_Given information_

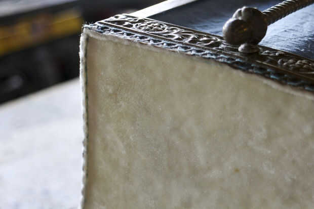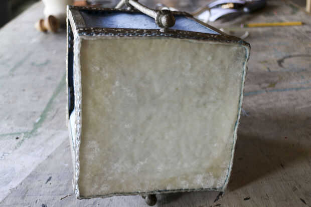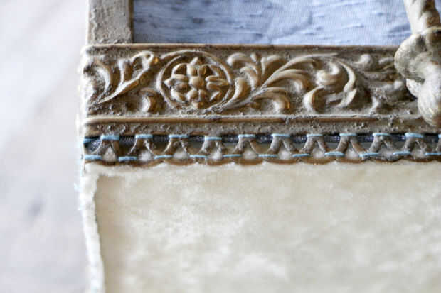 Encontré una pequeña muestra de grueso terciopelo blanco y había cosido a la parte inferior, al igual que yo había cosido la seda azul a la forma metálica.
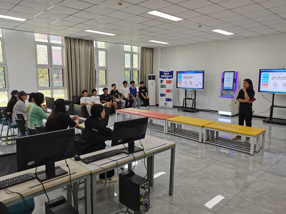 试运行启动前,招生就业指导中心相关负责人为我院大学生职业发展社社团成员讲解“数智化”一站式就业服务大厅的运营理念,指导第一批社团成员体验智慧触屏就业一体机和灵活就业云平台的各种功能。第一批体验的学生积极探索尝试利用智能化招聘平台寻找与自己匹配的就业岗位。
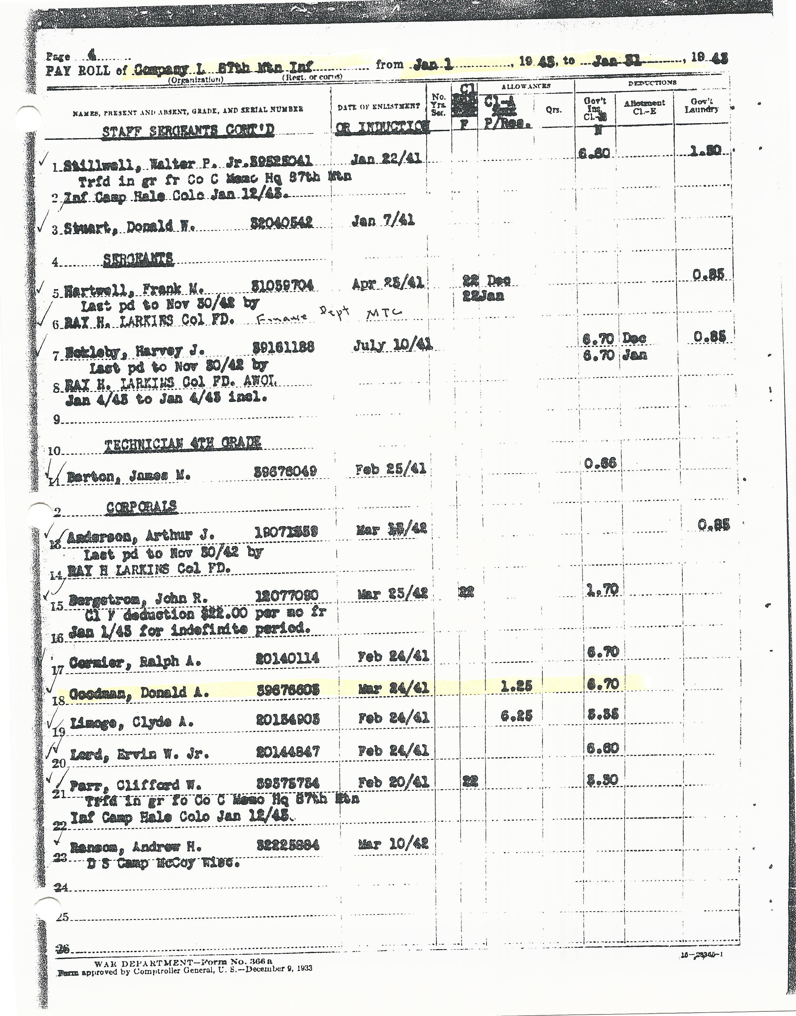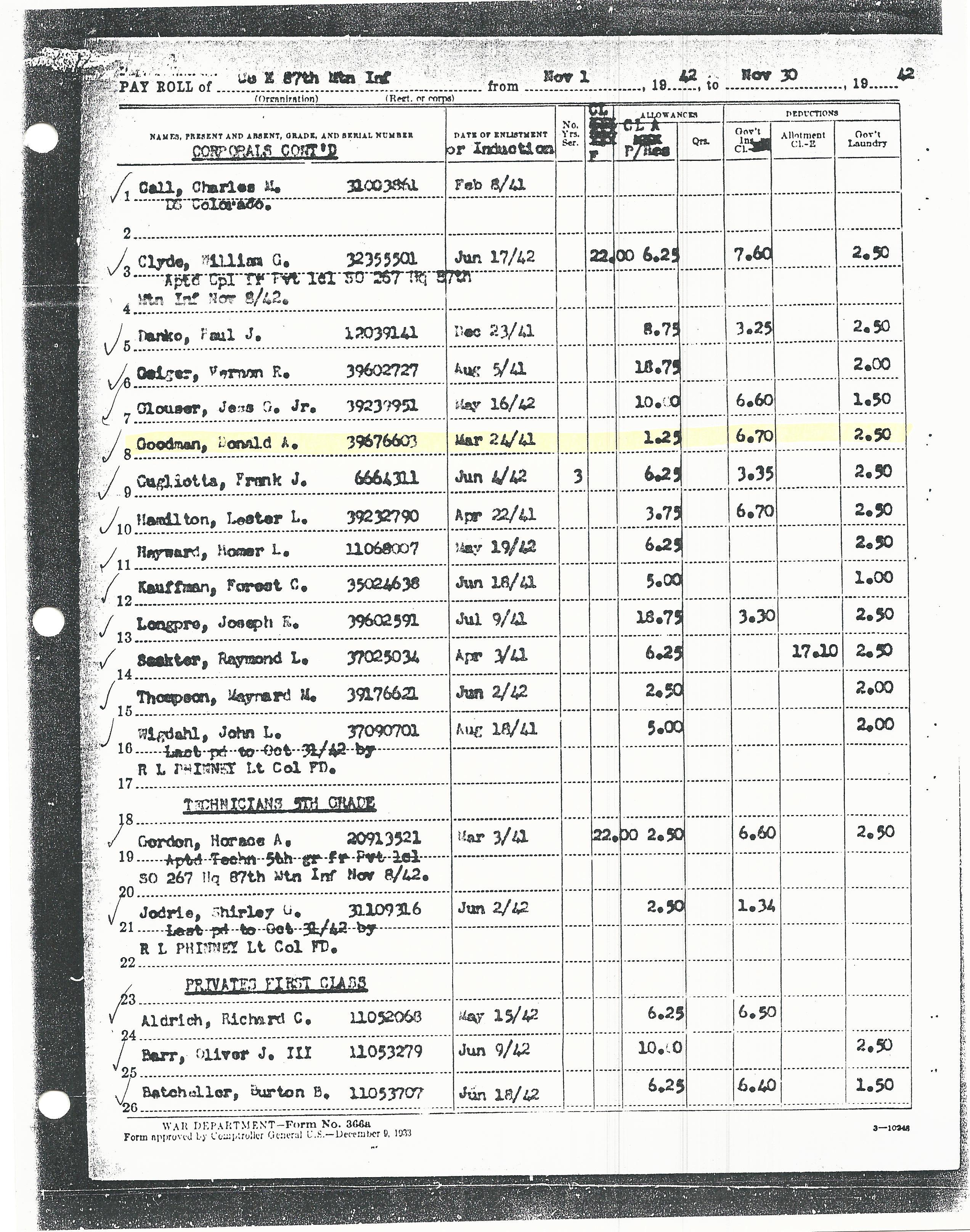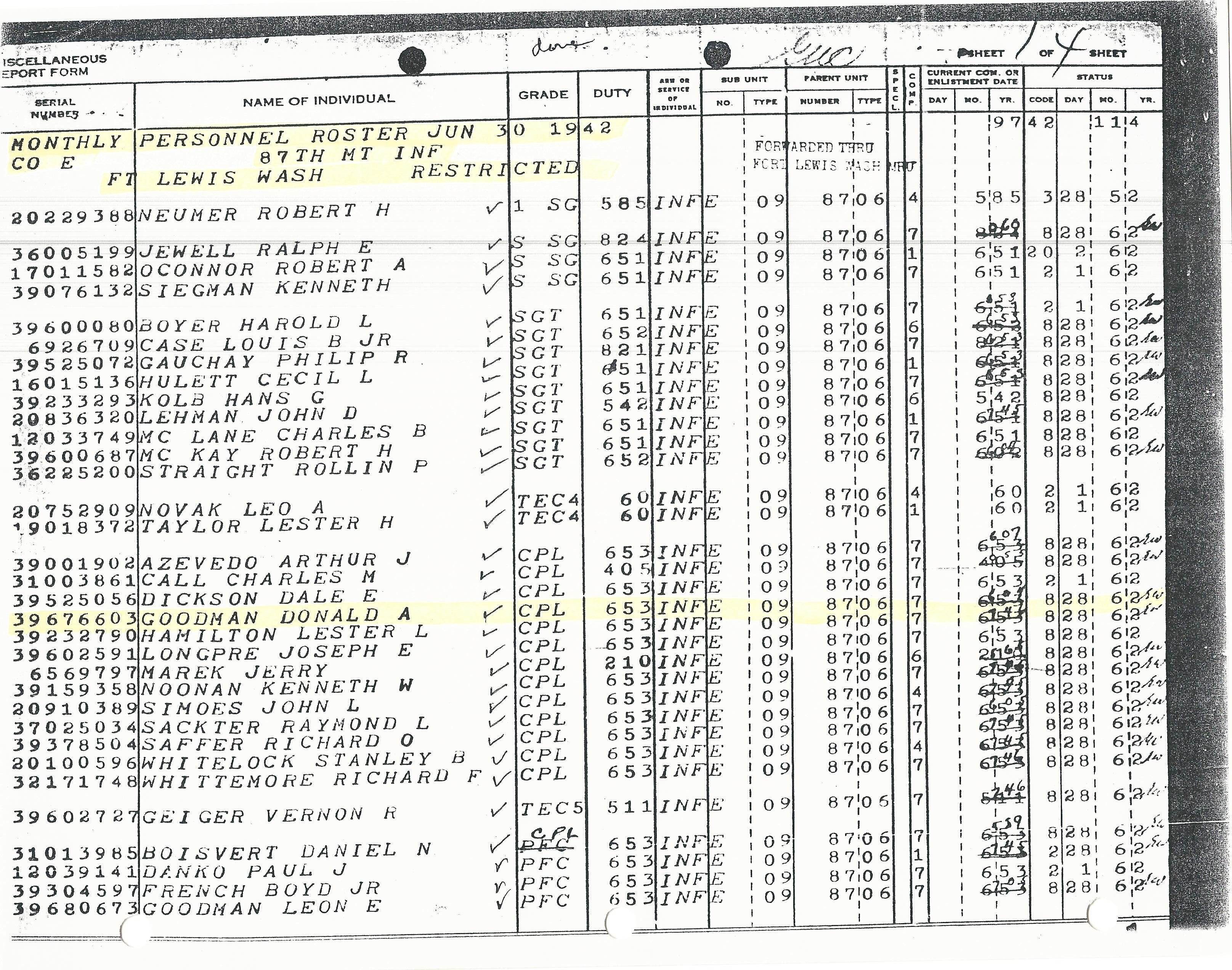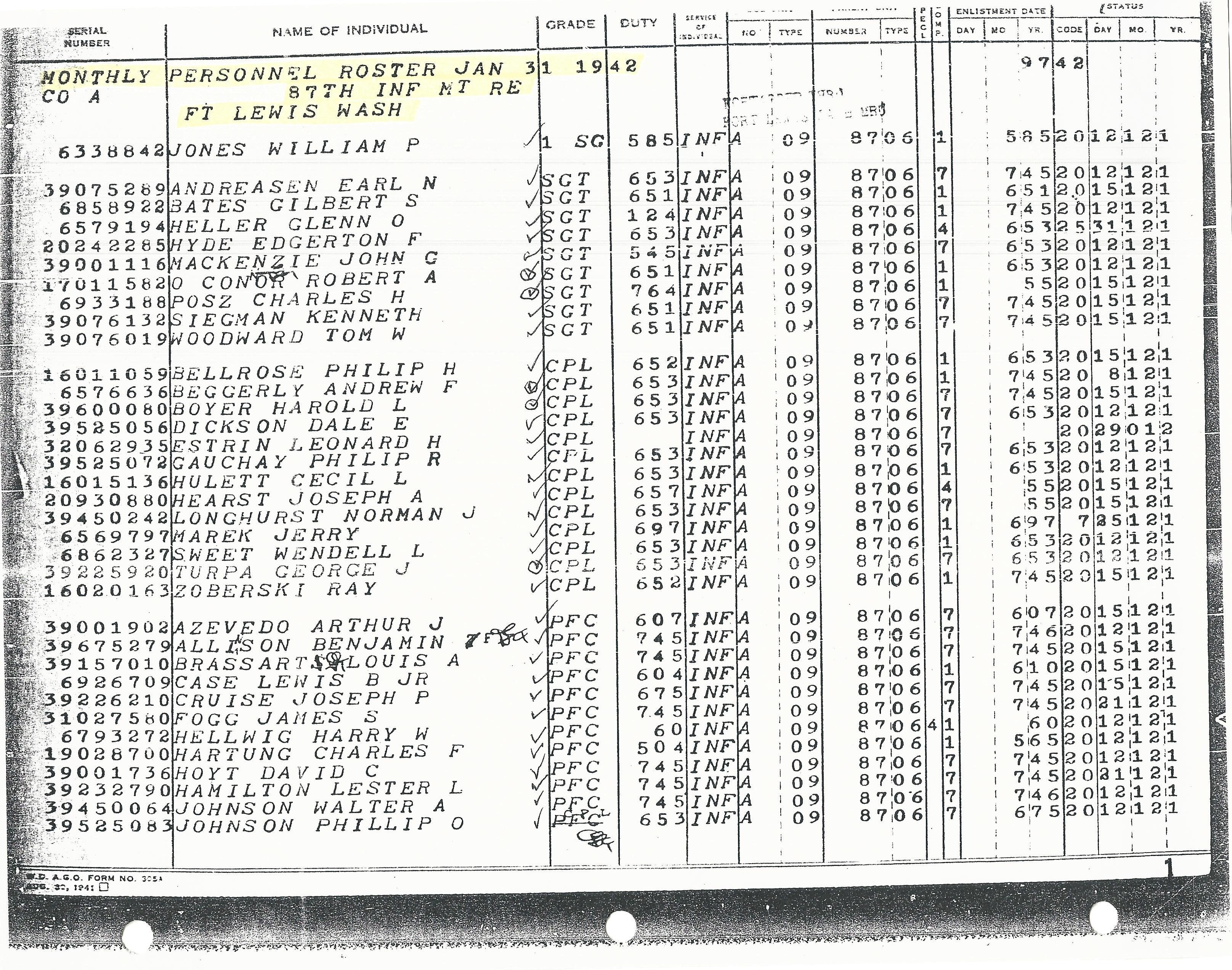Donald enlisted on March 3, 1941, around the age of 24, in Salt Lake City, Utah. He had completed one year of college, and was not married. His civilian occupation was listed as "Athletes, sports instructors, and sports officials". The first documents we have regarding Donald are personnel rosters from January to September of 1942, when he joined what would later be designated the 10th Mountain Division. These rosters are from Fort Lewis, Washington and record that Donald was an Ammunition Handler (Duty code 504) in the 87th Infantry, Company A. The rosters also allow us to put together the timeline of his promotions. In February of 1942 he was promoted to Private First Class. The March roster lists him again as Private, but I believe this to be an error, as subsequent rosters list him as Private First Class. In June of 1942 Donald was promoted to Corporal, and his duty was changed to Squad Leader of 87th Infantry, Company E.

_Work task_
Reproduce the material above from its first line through the line containing "试运行启动前,招生就业指导中", both ends included, and skip every picture.

_Answer to the problem_
 Encontré una pequeña muestra de grueso terciopelo blanco y había cosido a la parte inferior, al igual que yo había cosido la seda azul a la forma metálica.
 试运行启动前,招生就业指导中心相关负责人为我院大学生职业发展社社团成员讲解“数智化”一站式就业服务大厅的运营理念,指导第一批社团成员体验智慧触屏就业一体机和灵活就业云平台的各种功能。第一批体验的学生积极探索尝试利用智能化招聘平台寻找与自己匹配的就业岗位。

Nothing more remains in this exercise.